Spesso (e discutibilmente) quando ci si mette a dieta si tagliano completamente alcune categorie di cibo: abitudine sconsideratamente pericolosa in cui ha un brutto rapporto con il cibo, perché non farà altro che aumentare il desiderio di quegli stessi alimenti che si sono proibiti. Non sottovalutiamo il potere psicologico del cibo: se siamo a rischio di abbuffate non è assolutamente il caso di sottoporci allo stress della rinuncia totale di un determinato alimento.
Consumare cibi “pericolosi” in situazioni che offrano deterrenti.

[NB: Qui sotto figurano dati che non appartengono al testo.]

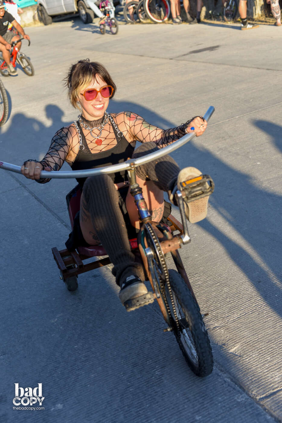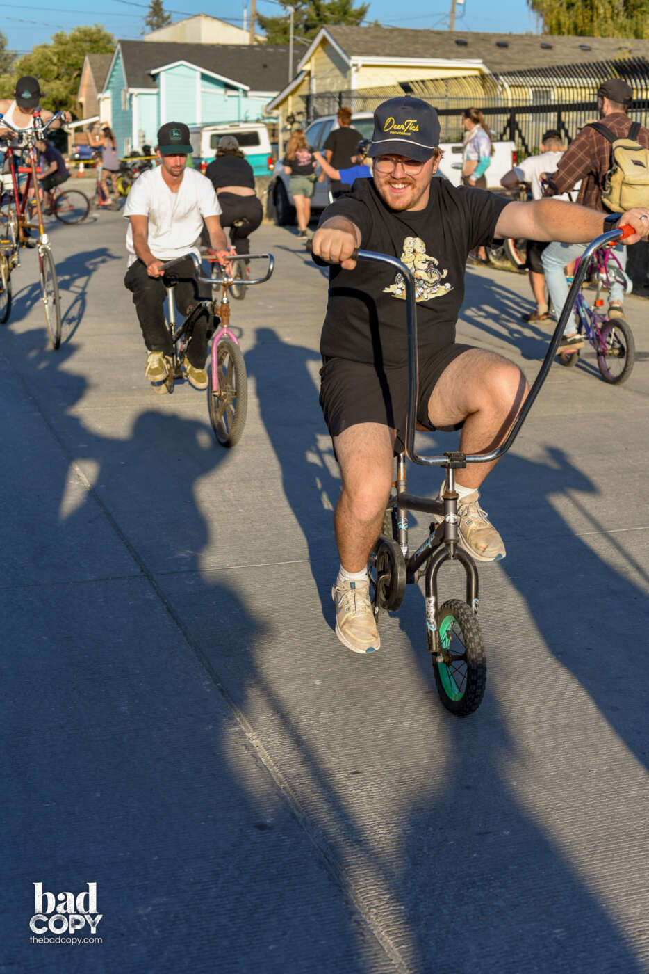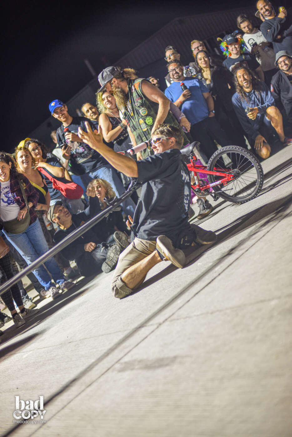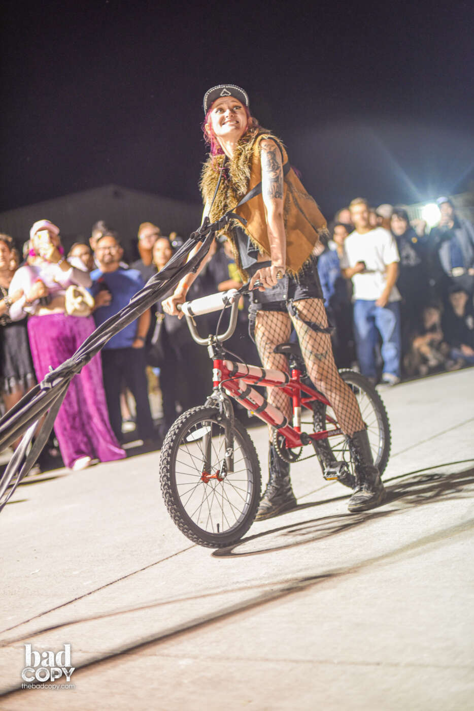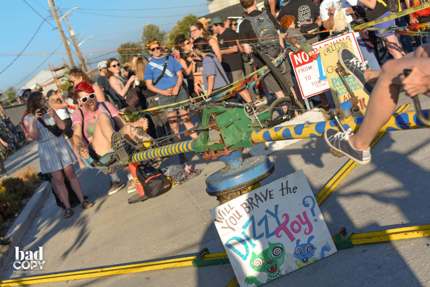 When we got a few Rainiers in us, we decided to walk around the party and check out what all these fellow weirdos were up to. From the moment we were all greeted upon arrival by a local party marching band there was no downtime for the senses. We witnessed high flying dare-devilry at the BMX expo (my favorite to photograph), leisurely yet competitive games of bicycle polo, live music, and when the sun went down the industrial park was graced by multiple fire dancers lighting up the crowd all while being encircled by couples on tandem bicycles. After spending some time in the play pen of custom built wonky bikes, some of which were too tall, others too short, hinged in the middle, and backward pedals we took in what I think was the main attraction of the party, the head-to-head games. Right off the rip we saw a vigorous opening of “save the baby/kill the baby” where a doll is propped up between two contestants facing each other riding at full speed to get there first and it’s one’s job to save the baby, and the other…well you can probably guess. Whoever gets there first has to do their job accordingly. The very first round resulted in what everyone in the crowd assumed to be a concussion or at least a hefty bonk, so from then on helmets were required. Other games included a tug of war where contestants had a length of bike tubes strapped around their shoulders and biked away from each other until there was a clear winner, and the night culminated in the main event of tall bike jousting. Fun for the whole family, really.
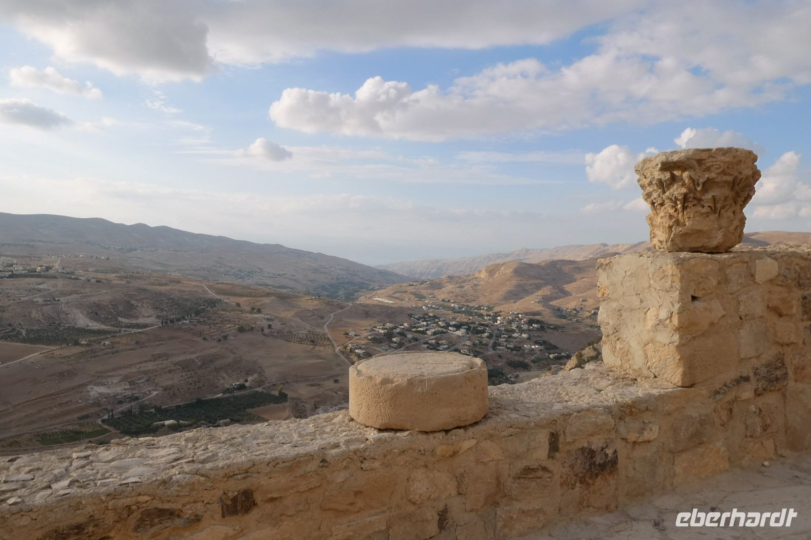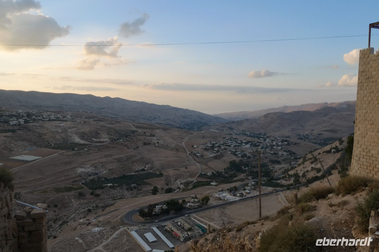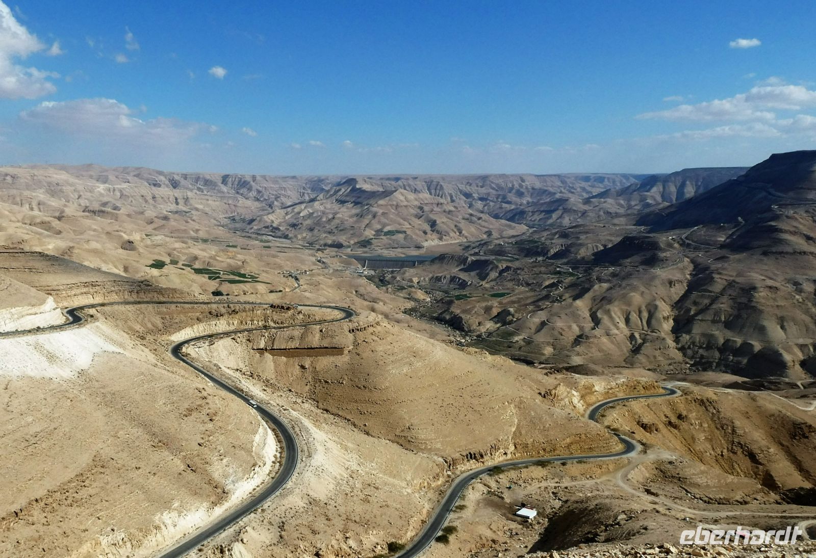 Wir spazieren ein wenig durch "Madaba" zu unserem Restaurant. Dort bekommen wir wieder wunderbare jordanische Vorspeisen und ein wahlweises Hauptgericht. So gestärkt fahren wir weiter durch die jordanische Landschaft und erreichen das "Wadi Mujib". Dieses Trockental im Bergland von Jordanien endet am Toten Meer, 410 m unter dem Meeresspiegel. Es gibt auch ein Naturschutzgebiet dessen Artenvielfalt noch nicht komplett dokumentiert wurde. Auch Grundwasser tritt hier teilweise an die Oberfläche in diesem verhältnismäßig wasserreichen, geschützten Gebiet. Es soll sogar einen kleinen Sumpf geben. Wir fahren über die "Königsstraße" welche an der "Mujib-Talsperre" den Fluss überquert. Der Stausee dämmt die gefährlichen Sturzbäche des Wadis. Etwas was man sich angesichts des generellen Wassermangels kaum vorstellen kann. An einem Aussichtspunkt machen wir Halt für ein Foto.
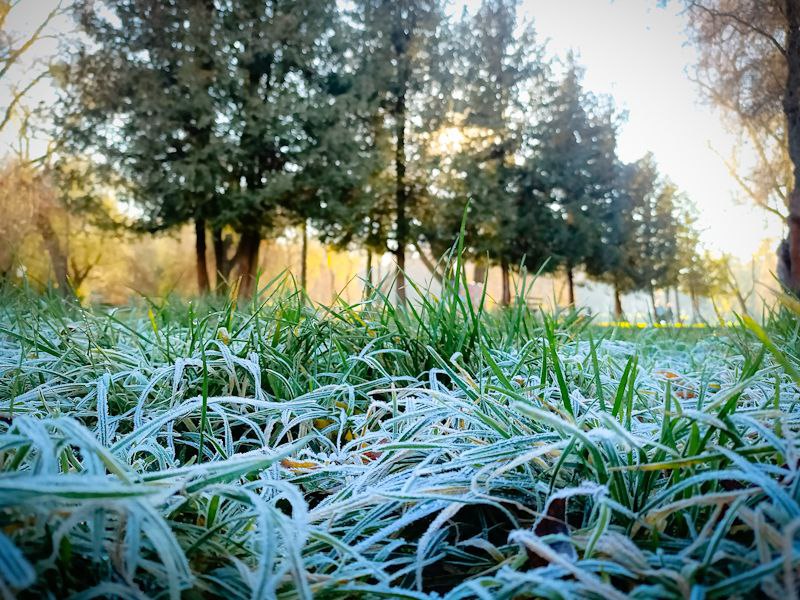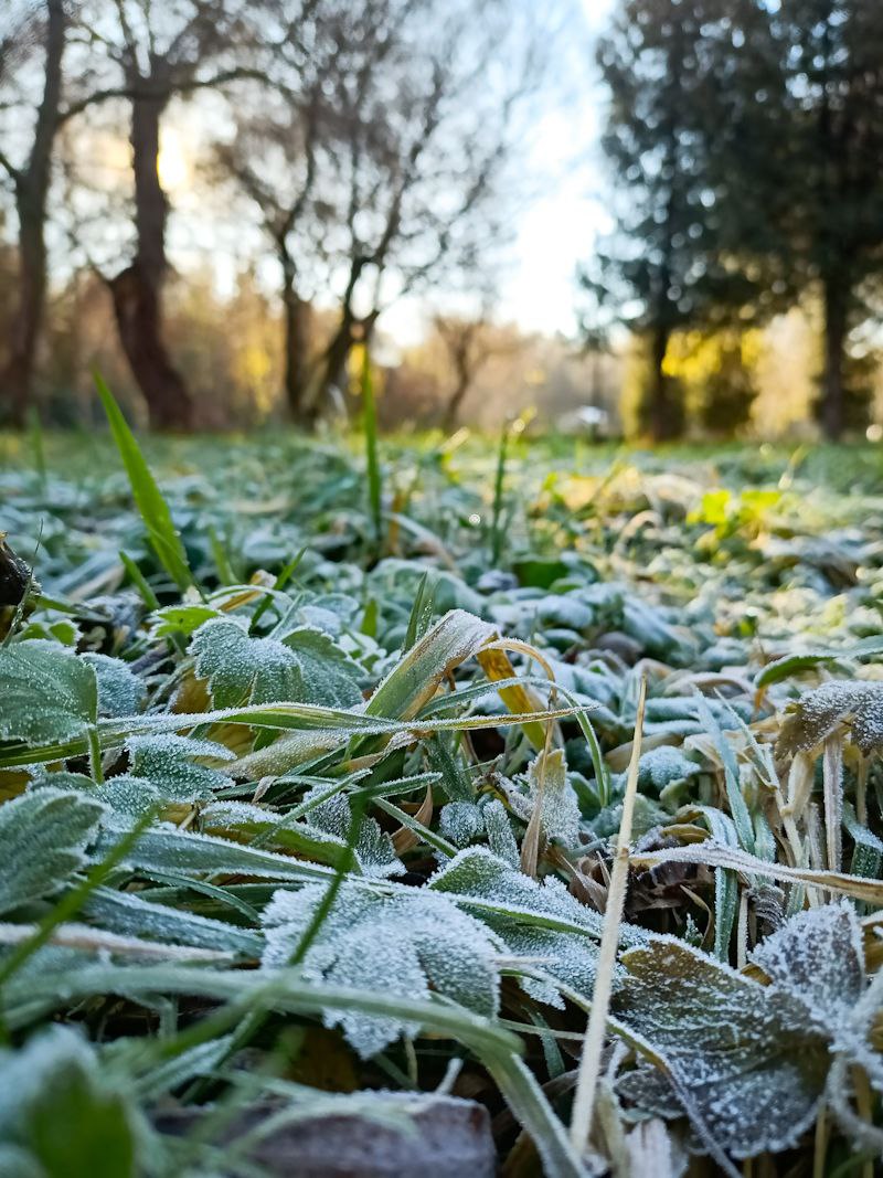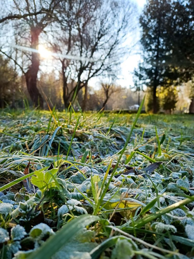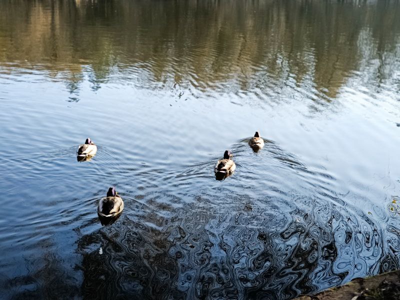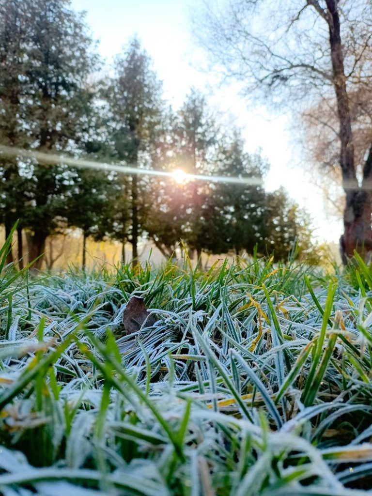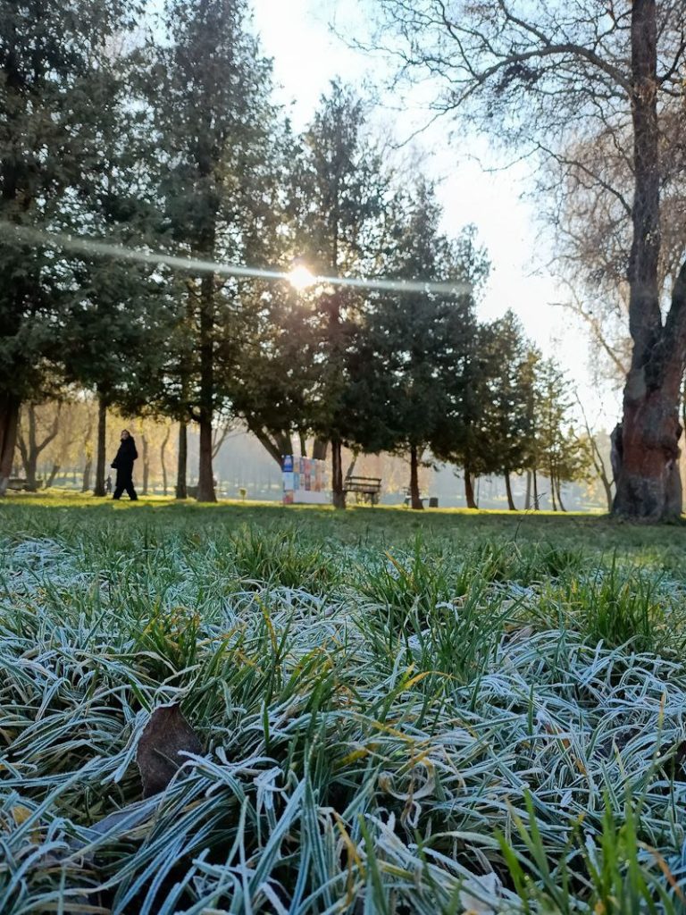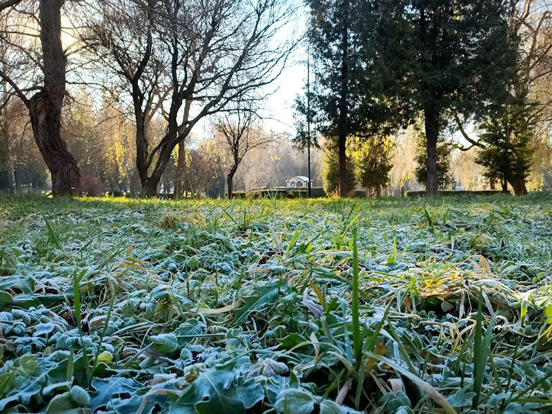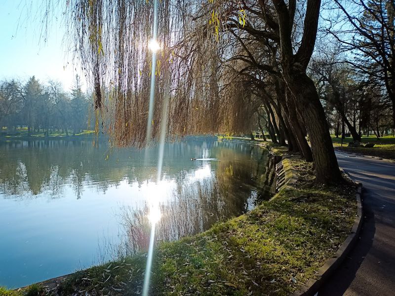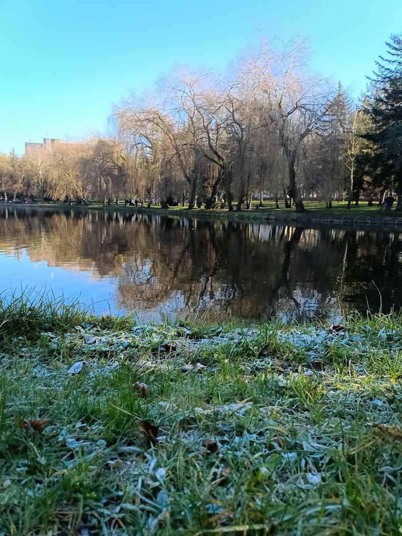 Сонячне проміння м’яко пробивається крізь гілля дерев, створюючи живу гру світла й тіней. На озері неспішно плавають птахи, ніби доповнюючи цю зимову картину рухом і життям. А в затінених куточках парку ще зберігся ранковий іній — там, де сонце ще не встигло торкнутися землі, він сріблом вкриває траву.

Purtroppo bisogna tener conto anche dell’altro lato della medaglia: per alcune persone esistono degli alimenti che rappresentano un pericolo di abbuffata sia quando totalmente assenti (perché innescano il desiderio compulsivo) sia quando sono “consentiti” perché se ne vorrebbe una quantità sempre maggiore rispetto a quella lecita: non è sufficiente “un biscotto”, se ne voglio 10-15.
Altro esempio. Esistono alimenti che fin da quando siamo piccoli associamo a qualcosa di molto gustoso ma da mangiare con moderazione perché -come ci ricordava la mamma o la rivista di benessere di turno- “fanno male”: la pizza, il pane, i formaggi, le fritture. Anche inserendo tali alimenti in un contesto di alimentazione consapevole, vale a dire senza demonizzarli, c’è il rischio che la loro atavica connotazione negativa spinga ad un’abbuffata, come se appena sotto il proprio conscio si avesse la sensazione di mangiare qualcosa di proibito che fa scattare il ben noto meccanismo del “…tanto ormai!”.
Un buon compromesso in questi casi è organizzare un’uscita con amici o parenti per mangiare con loro la pizza (o qualsiasi altro alimento pericoloso): assoceremo al momento goloso la situazione conviviale, e la presenza di altre persone farà da freno ad una nostra eventuale compulsione successiva.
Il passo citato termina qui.